Ora la procura sta verificando se avesse cercato informazioni anche in merito all’inchiesta che vede coinvolta la compagna Debora, sospettata di omicidio volontario premeditato e occultamento di cadavere con il fratello Freddy e l’amica Manuela Cacco per l’assassinio di Isabella.

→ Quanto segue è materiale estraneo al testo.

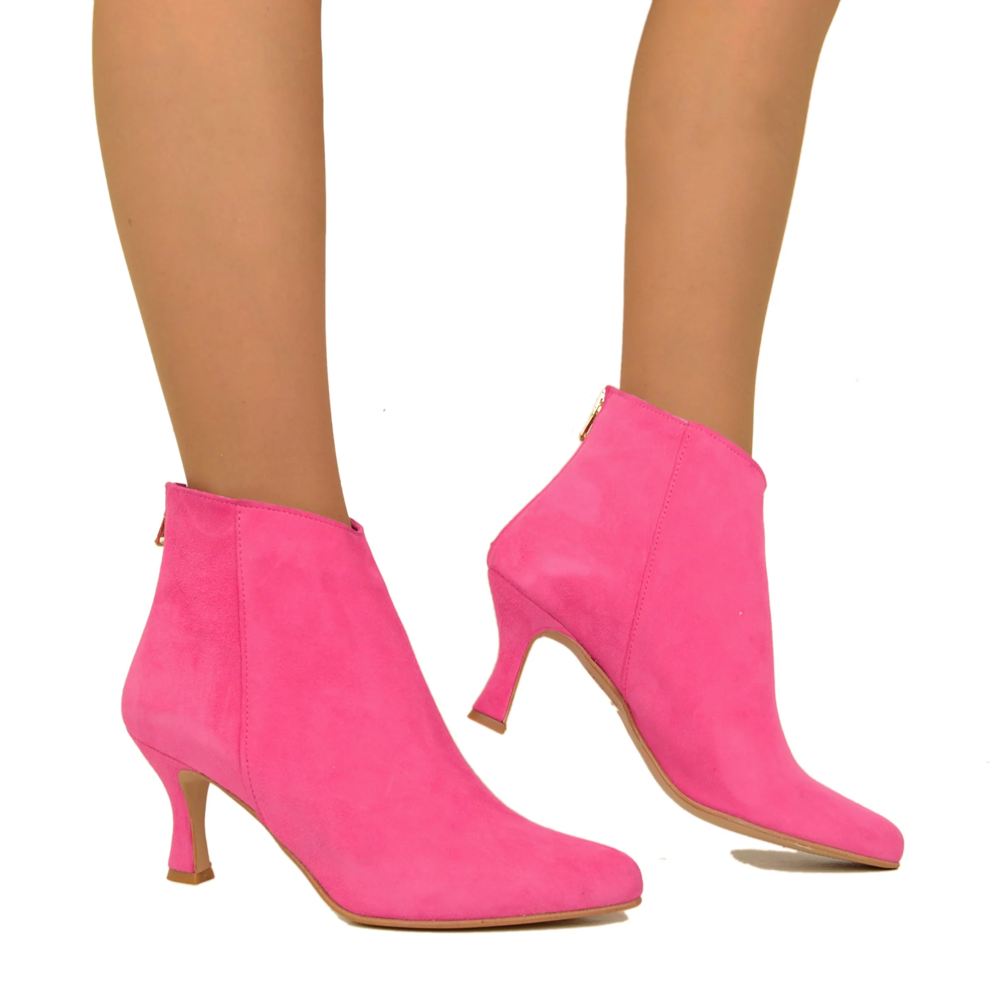 Stivaletti Donna Fuxia in Pelle Scamosciata con Zip Made in Italy
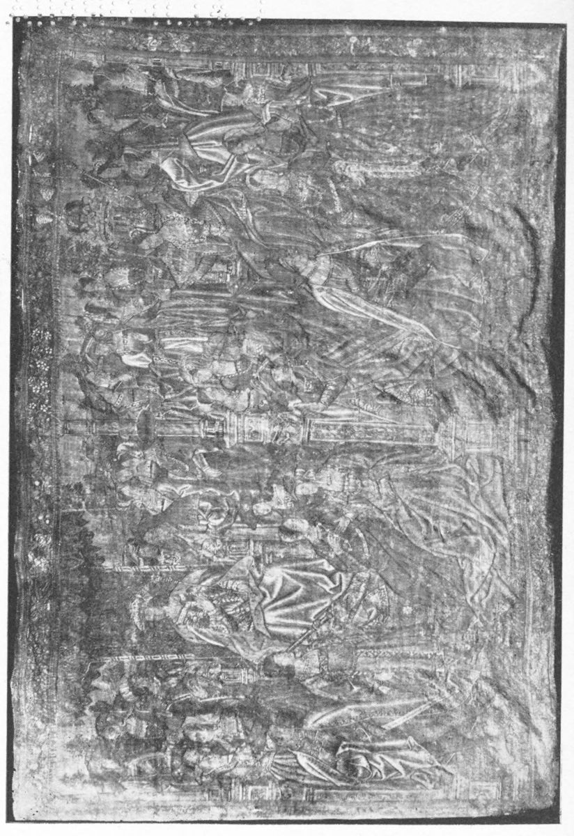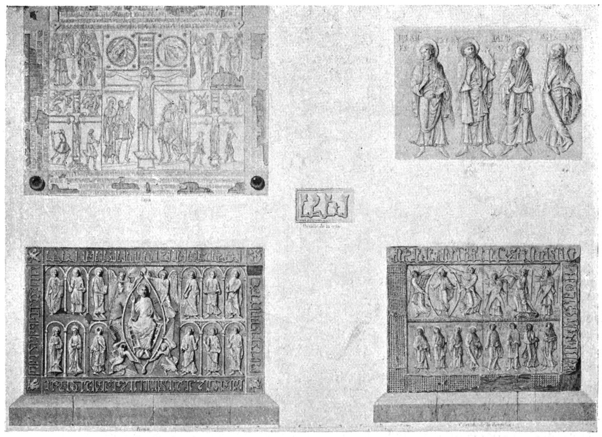 Enclosed within a railing is the Arca, a chest of oak, 7½ feet long by 3¾ broad, and thinly plated with silver. A Latin inscription of four lines on the lid goes to prove that this was the work, not of Alfonso the Chaste, but of Alfonso VI., a conclusion warranted also by the Arabic inscription in Kufic characters, in praise of the Most High, running round the chest—a form of decoration not introduced into Christian work till after the fall of Toledo. On one face of the ark are reliefs of the Twelve Apostles within niches, with the Four Evangelists at the angles, and the figure of Christ, supported by angels, in the middle. On one side are reliefs of the Nativity, Adoration of the Shepherds, and the Flight into Egypt; on the other the Revolt of Satan, the Ascension, and the Apostles. The subject of the reliefs on the cover is the Crucifixion.{46}

In tal senso sono in corso ulteriori indagini, che potrebbero essere condotte dagli stessi colleghi del carabiniere. Il militare fino ad alcune settimane fa aveva incarichi nell’aliquota operativa della Compagnia dei carabinieri di Padova, è stato poi trasferito in via provvisoria negli uffici della Legione quando è emerso il suo coinvolgimento (sinora senza imputazioni) nel giallo della scomparsa di Isabella.

Verde è indagato anche dalla procura militare in seguito del sopralluogo nella sua abitazione; in quell’occasione i poliziotti hanno sequestrato tre proiettili in più rispetto alla sua normale dotazione. Non si tratta di un reato particolarmente grave, ma certo lui sapeva che quei tre proiettili potevano costargli qualche noia.

Poteva inoltre sospettare che gli sarebbe stato perquisito il posto di lavoro: il tempo per far sparire quelle carte l’ha avuto, ma non l’ha voluto usare.

Proseguono le indagini sulla scomparsa di Isabella e potrebbero partire a giorni le ricerche del corpo della segretaria nel lago a ridosso del ponte Darwin a Padova Est.

I legali di Freddy Sorgato, Giuseppe Pavan e Massimo Malipiero intanto spiegano che il loro assistito non si è mai vantato in cella del fatto che gli investigatori non riescano a trovare il corpo della povera Isabella.